Source information →
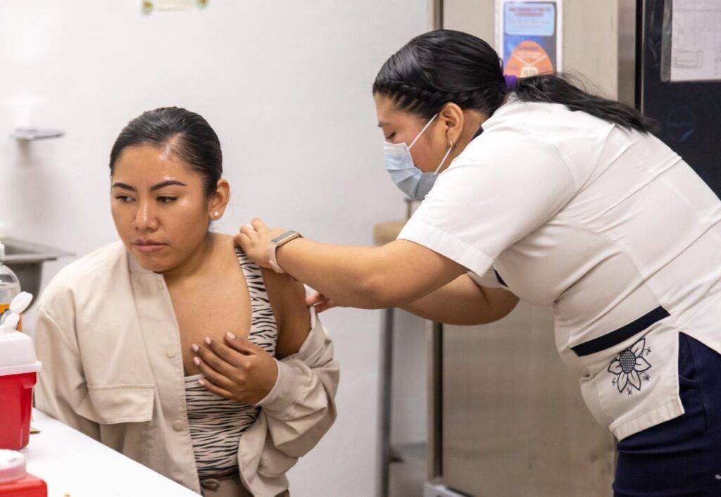 Previamente, la presidenta municipal visitó el Centro de Salud de la localidad en compañía del alcalde y el secretario de Salud, José Antonio Uribe, donde se llevó a cabo una jornada de vacunación contra el sarampión como parte de las acciones preventivas a favor de la salud pública.
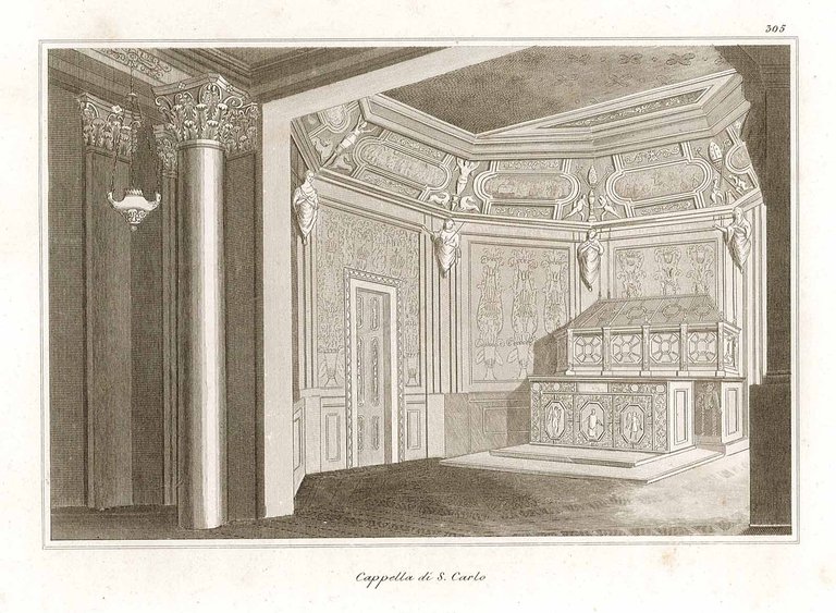Stampa antica ed originale con veduta della cappella di San CarloRif: Arrigoni, "Milano nelle vecchie stampe", vol I, p. 64, n°182
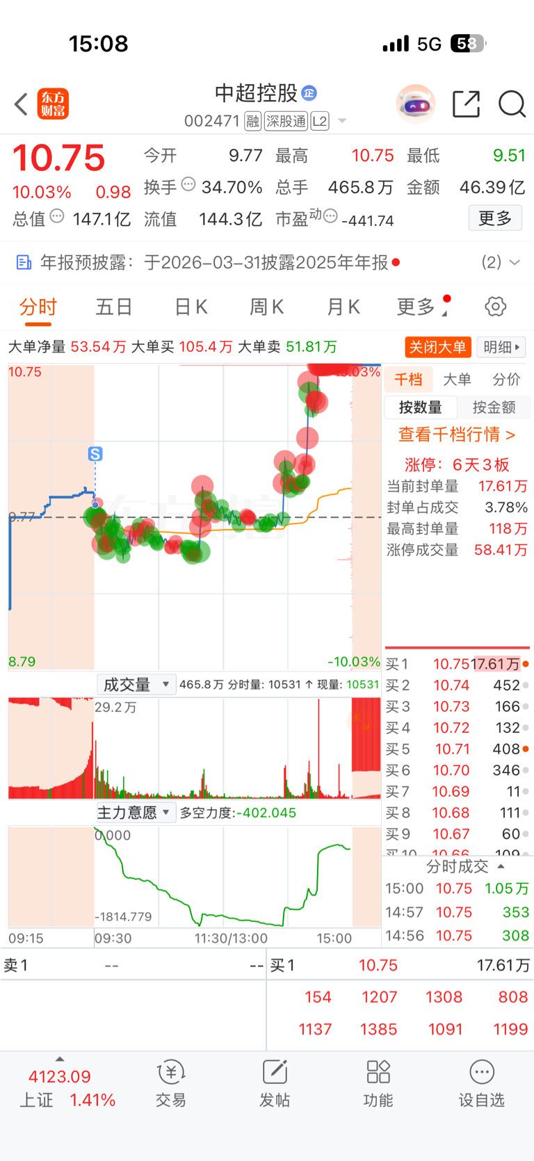 $中超控股(SZ002471)$ T M就差我这三瓜两枣
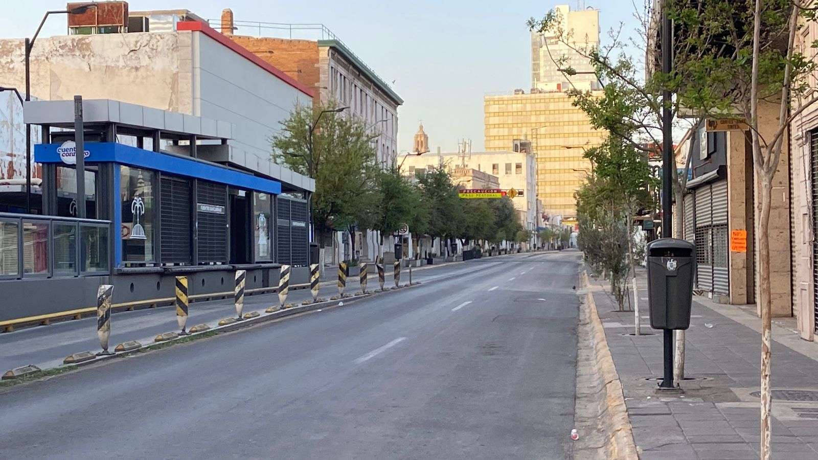 La avenida Juárez, Carranza y Aldama de la colonia centro, estuvieron con poco flujo vehícular y se pudo observar algunas personas en las calles transitando o esperando el camión.
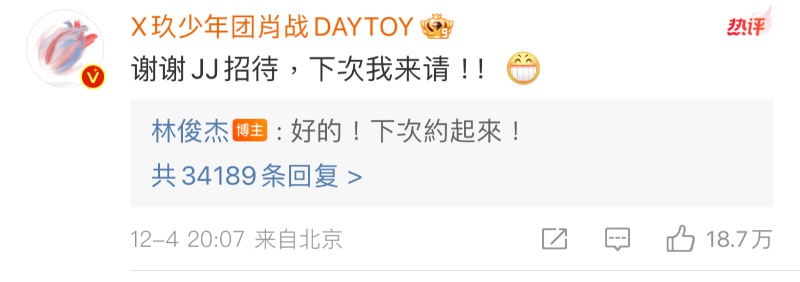 而肖戰也在評論區謝謝JJ的款待,更表示下次由他請客!
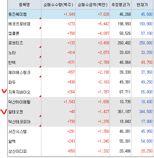 <외국인 매수 종목>
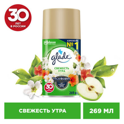 Аромат сменного баллона GLADE "Свежесть утра" с нотами зеленого яблока, весенних цветов и утренней росы подарит заряд бодрости и хорошее настроение на весь день.
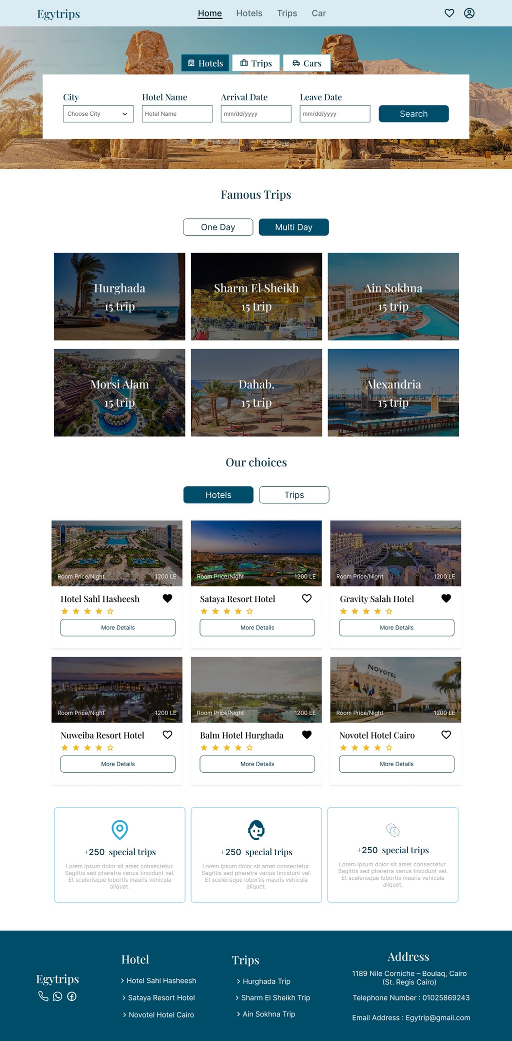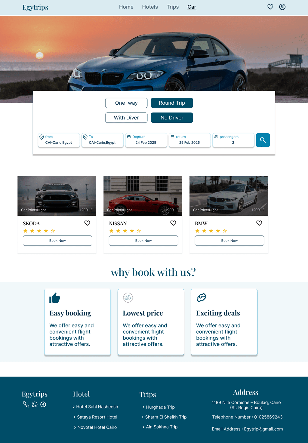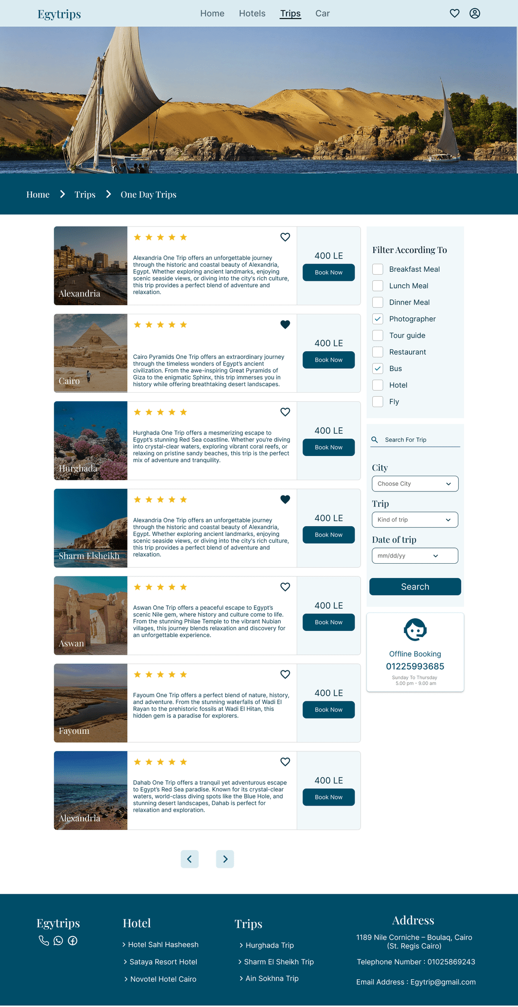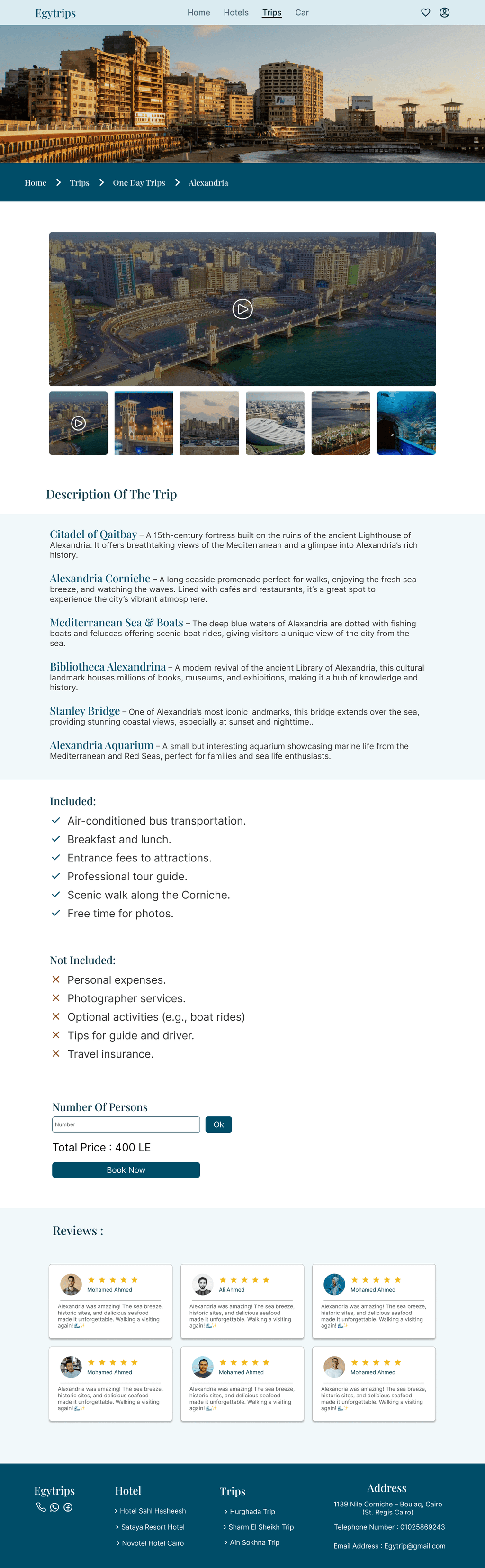 "رحلات مصر" هو موقع إلكتروني سياحي داخلي مخصص لحجز الرحلات السياحية داخل مصر، ويُوفر تجربة متكاملة للمستخدم من خلال واجهة سهلة الاستخدام ومتجاوبة مع جميع أحجام الشاشات، خاصة أجهزة الموبايل.

Your goal → Give again the stretch of lines above from the one with "而肖戰也在評論區謝謝JJ的款待,更表示下次由他請客!" through the one with "Аромат сменного баллона", both ends kept, and copy no pictures.

Exercise output →
 而肖戰也在評論區謝謝JJ的款待,更表示下次由他請客!
 <외국인 매수 종목>
 Аромат сменного баллона GLADE "Свежесть утра" с нотами зеленого яблока, весенних цветов и утренней росы подарит заряд бодрости и хорошее настроение на весь день.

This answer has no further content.